A Charles Gouyn, St James’s Factory ‘Girl-in-a-Swing’ Pastoral Group

1749 – 1755

13.2 cm high, 11.7 cm wide

The lady seated on a tree stump with a lamb on her lap, the man seated at her feet, decorated in washes of colour and flower sprays.

Charles Gouyn, a Huguenot jeweller with premises in Bennet Street, St James’s established his small factory after an acrimonious split with Nicholas Sprimont of the Chelsea porcelain factory in around 1748. The porcelain is unlikely to have been actually fired in this most fashionable of London quarters, and John Mallet has suggested that they might have been made at a property owned by Gouyn near what was then a relatively rural Park Lane. In an advertisement of 1750/51 for his own independent productions, he described himself as the ‘late proprietor and chief manager of the Chelsea-house’.

Arthur Lane says of the anonymous modeller ‘he lacked the sculptor’s gift of communicating articulate movement to his figures… and his knowledge of anatomy was rudimentary. But in ‘porcelain-sense’, in instinctive understanding of the material he surpassed all his English contemporaries.’ This group is probably adapted from one of François Boucher’s engravings such as Pastorale à la Guirlande.

Girl-in-a-Swing groups are rare and coloured ones are particularly so, constituting about a third of the known production. The distinctive flower painting is also found on the earliest and finest of the scent bottles.

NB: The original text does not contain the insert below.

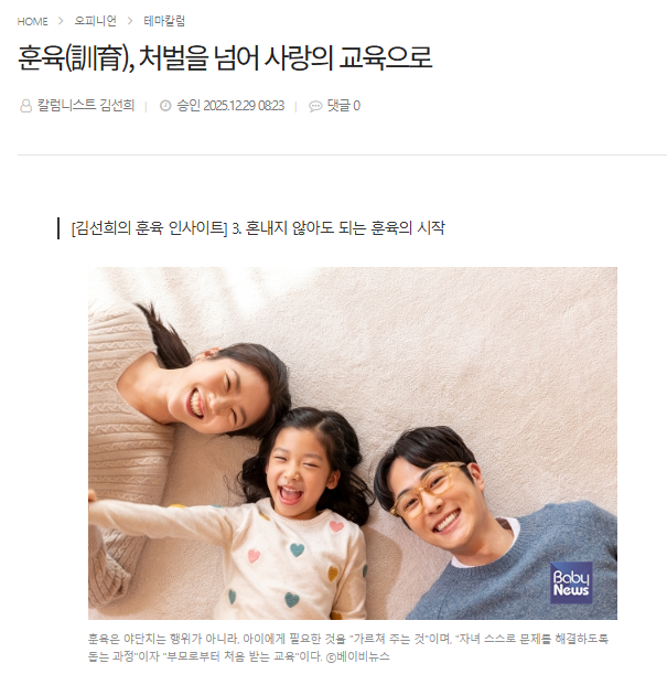 [i-자람 뉴스클리핑]훈육(訓育), 처벌을 넘어 사랑의 교육으로

This is probably the only Girl-in-a-Swing group to have a provenance taking it back to the 18th century.

Other examples:
A coloured example with the pendant group of a lady holding a dove in the Boston Museum of Arts, Katz Collection, (1988.782 and 783)
A white example in the Victoria and Albert Museum
A white example in a private collection
An example with later decoration in the Tullie House Museum, Carlisle, illustrated Elizabeth Adams, Chelsea Porcelain, p. 54, fig. 5.13

Condition:
End of his left shoe restored, tip of the tree trunk at the back restuck

Provenance:
Isaac Solly (1724-1820), a London merchant in the Baltic trade. His son Samuel (1774-1847) married Dorothea Rackett, the daughter of Thomas Rackett. Thomas Rackett was executor to Eva Marie Garrick (the widow of the great actor David Garrick). Their only surviving daughter, Thomasine, married Chevalier Enrico Cripseri St. Clair, but they had no children, so when Thomasine dies in 1881 all their possessions went to the head of the family Edward Harrison Solly.
This figure (along with another badly damaged) remained in the Solly family until their sale at H. Y. Duke and Son, Dorchester on 23 February 2013, lot 211.

The figure could possibly have come from the estate of David Garrick as many items that still remain in the Solly family do have that provenance or through Thomas Rackett’s father who was a successful Huguenot tailor in London who would probably have known Charles Gouyn.